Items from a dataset
▼

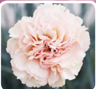
Widcombe Fair (WYATT)

Very subtle champagne pink, fully double blooms and wonderful perfume over grey/green foliage. A great colour for bridal work.
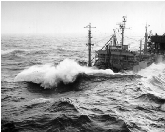
Underway replenishing operations

Upon arrival in Sasebo I moved to the BOQ and had my first experience ashore in postwar Japan. The XO of the Prairie invited me back aboard for lunch and dinner a couple of times which was very thoughtful of him. "Messing" in the BOQ was not too good.
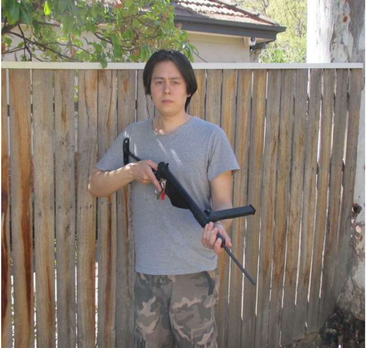
"Rise and resist!" Homemade gel blaster Sten, pew-pew!

▲

Transcribe exactly the span of lines that opens with the line holding "Underway replenishing operations" and closes with the last line of the entries above. Omit pictures.

● **RESULT OF THE EXERCISE**
Underway replenishing operations

Upon arrival in Sasebo I moved to the BOQ and had my first experience ashore in postwar Japan. The XO of the Prairie invited me back aboard for lunch and dinner a couple of times which was very thoughtful of him. "Messing" in the BOQ was not too good.
"Rise and resist!" Homemade gel blaster Sten, pew-pew!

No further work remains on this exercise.